[[ Stored data, beginning ]]

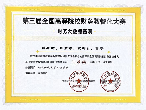 本网讯(通讯员 渣梦丽)10月8日,2022年湖北省第三届全国高等院校财务数智化大赛圆满落幕,米兰(中国)经济与管理学部财务管理专业由陈姝颖、余宗超、彭紫怡、袁靖岳同学组成的团队获得一等奖,指导教师为彭颖。由邵雅琦、周梦婷、黄羽轩、董婷同学组成的团队在袁家健老师的指导下获得三等奖。
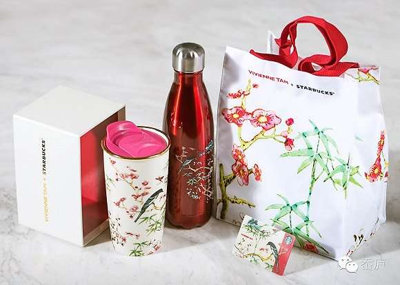 同期推出的还有 VIVIENNE TAM x STARBUCKS 联名组,融入东方意味十足的花鸟设计「Bird and Flora」图案,雀鸟、竹叶、梅花都用工笔勾勒。
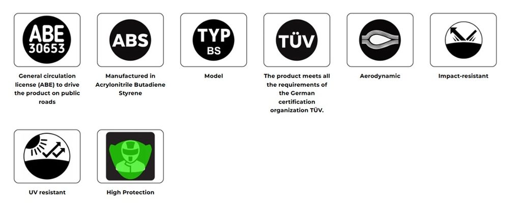Manufactured with the highest technologies, its components are made of aluminum and/or ABS materials that are highly resistant to impacts and UV rays, in turn they are light and durable. The plastic parts have a built-in surface treatment that improves the behavior against chemical agents and in turn also offers total protection against UV rays. This layer avoids the need to have to paint the engine spoiler. The metal supports are made of 2mm metal, with anti-corrosion treatment, resistant and easy to install.
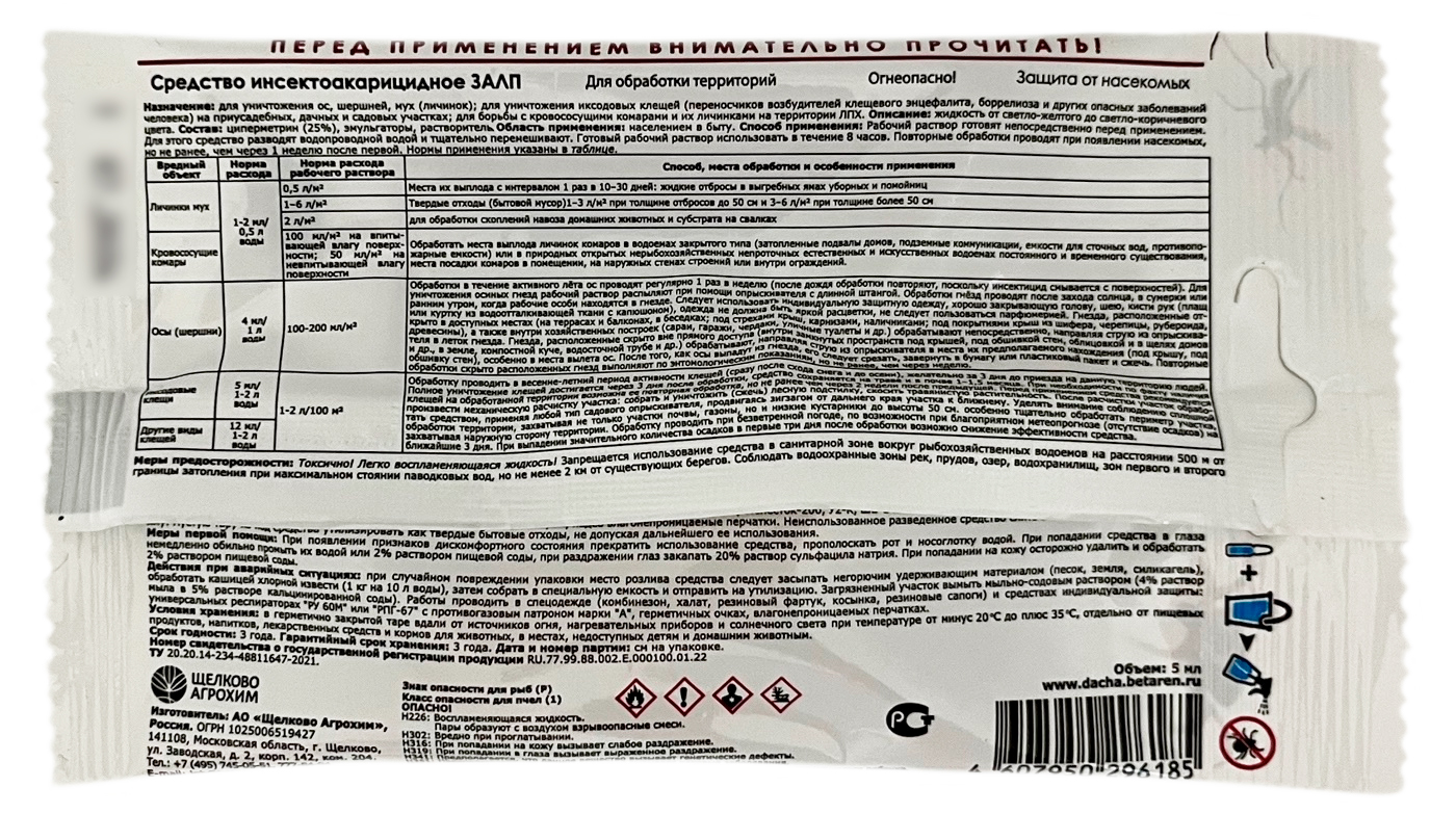 ЗАЛП 5мл ЩАЗащита от насекомых: клещей, комаров, ос, шершней, мух, личинок. Защита до 45 дней.

[[ Stored data, end ]]

Aim of the exercise -
Omit the pictures and print the listing exactly.

Written solution -
 本网讯(通讯员 渣梦丽)10月8日,2022年湖北省第三届全国高等院校财务数智化大赛圆满落幕,米兰(中国)经济与管理学部财务管理专业由陈姝颖、余宗超、彭紫怡、袁靖岳同学组成的团队获得一等奖,指导教师为彭颖。由邵雅琦、周梦婷、黄羽轩、董婷同学组成的团队在袁家健老师的指导下获得三等奖。
 同期推出的还有 VIVIENNE TAM x STARBUCKS 联名组,融入东方意味十足的花鸟设计「Bird and Flora」图案,雀鸟、竹叶、梅花都用工笔勾勒。
Manufactured with the highest technologies, its components are made of aluminum and/or ABS materials that are highly resistant to impacts and UV rays, in turn they are light and durable. The plastic parts have a built-in surface treatment that improves the behavior against chemical agents and in turn also offers total protection against UV rays. This layer avoids the need to have to paint the engine spoiler. The metal supports are made of 2mm metal, with anti-corrosion treatment, resistant and easy to install.
 ЗАЛП 5мл ЩАЗащита от насекомых: клещей, комаров, ос, шершней, мух, личинок. Защита до 45 дней.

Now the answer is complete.